Companies created in ZRR before 30 June 2024 retain acquired rights for the residual duration originally provided (typically five full years then three tapered). Any creation after 1 July 2024 falls automatically under the new ZFRR regime, which applies based on the effective establishment municipality listed in the current ZFRR map. The map is revised every two years: the next update is scheduled for 1 July 2026.
To check if a municipality is ZFRR-classified, two main tools: the ANCT official search engine (with municipality name or INSEE code) and the Bpifrance Création interactive map. Caveat: some formerly ZRR-classified municipalities have left the new zoning; others have entered.
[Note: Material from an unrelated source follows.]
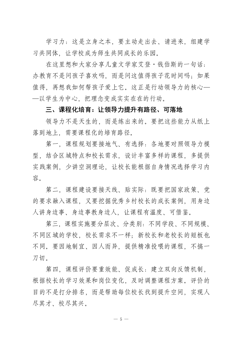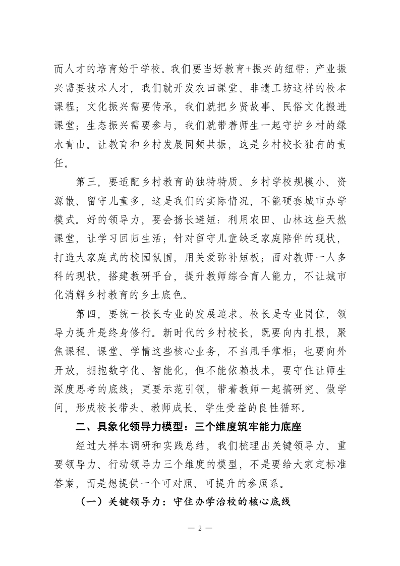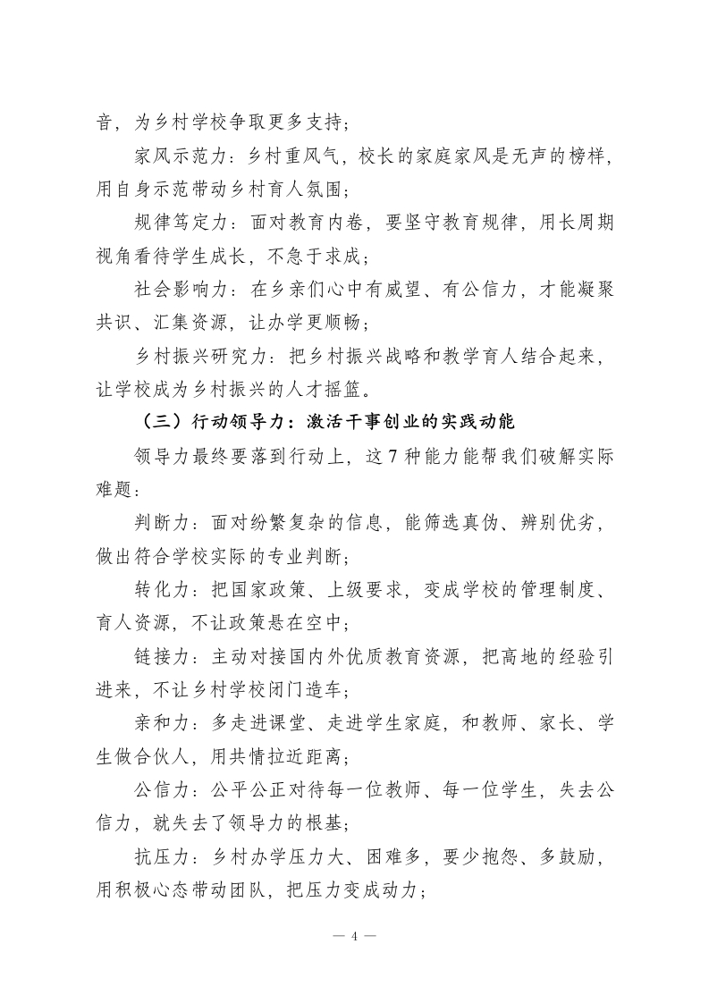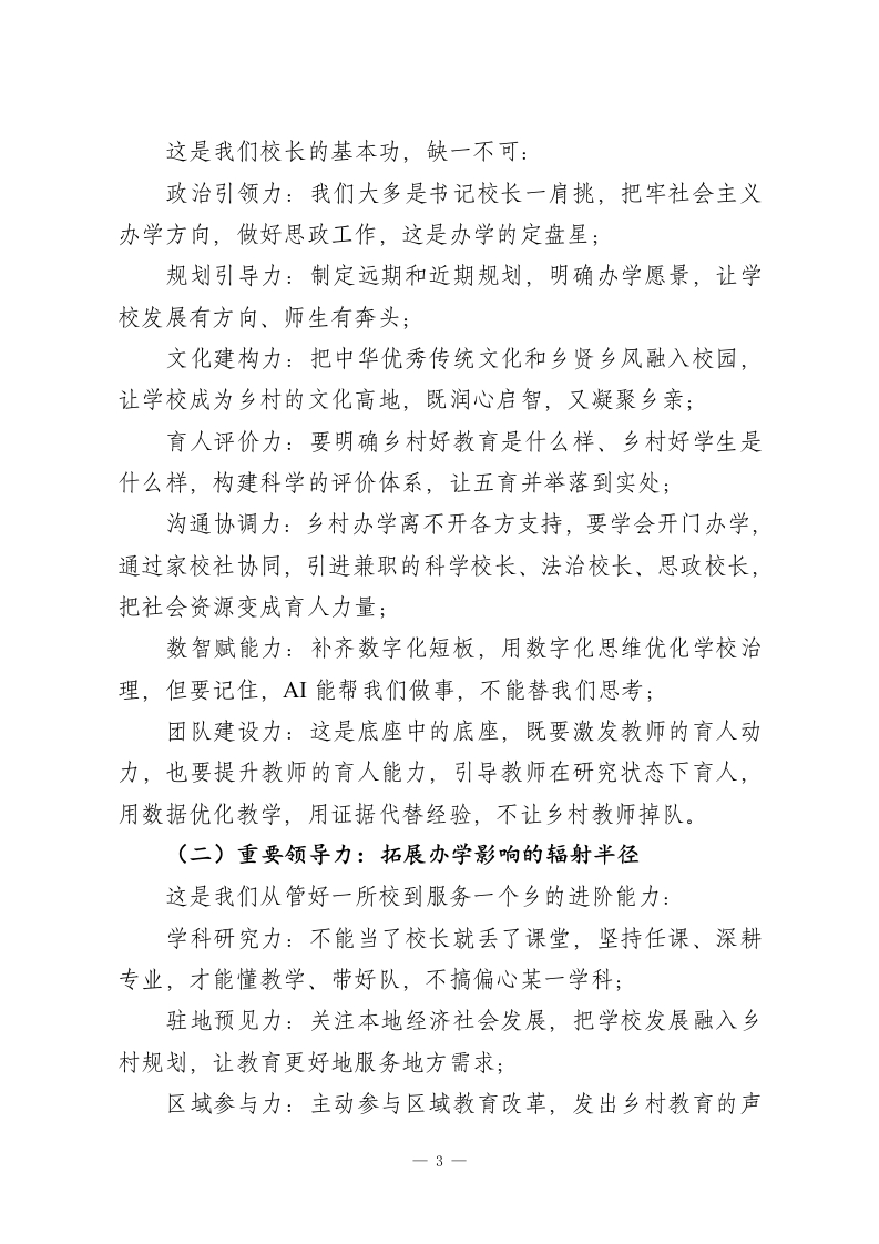 校长论坛上发言:乡村校长如何建构领导力各位校长同仁、各位教育界的朋友们:大家上午好!今天能和各位深耕乡村教育一线的“领头雁”齐聚一堂,共同探讨“乡村校长如何建构领导力”这个核心命题,我内心满是共鸣与期待。乡村教育是教育强国的基石,是乡村振兴的灵魂,而我们乡村校长,正是这块基石的守护者、这份灵魂的塑造者。正如俗语所言:“乡村兴必先学校兴,学校兴必先校长强”,但在实际办学中,很多校长都会有这样的困惑:领导力到底是什么?该从哪里发力?今天,我想结合政策要求、实践探索和调研数据,和大家分享三点思考。一、新时代乡村校长领导力,要找准四个契合点我们的领导力,不是城市校长的翻版,也不是抽象的理论概念,而是要扎根乡村土壤、回应时代需求的真本事。第一,要契合教育强国的战略要求。《教育强国建设规划纲要》明确提出推动义务教育优质均衡发展和城乡一体化,这对我们来说,既是任务也是机遇。乡村学校是优质均衡的主战场,我们校长要把领导力用在优化资源配置和缩小城乡差距上一一让乡村孩子能享受到和城里孩子一样的优质课程,让每个孩子的受教育权都得到坚实保障,这就是我们对教育强国最实在的贡献」第二,要呼应乡村振兴的现实需求。乡村振兴缺不了人才,一1

Fine-grained verification is necessary before any establishment decision, as loss of eligibility represents a cumulative shortfall of €15,000 to €60,000 over eight years for a small business.
Often-overlooked critical point
Eligibility depends on the effective OPERATING municipality (registered office + actual activity), not the director's residence. A SARL with its registered office in ZFRR but commercial activity deployed in a neighboring urban zone can be requalified by the tax administration and retroactively lose the exemption.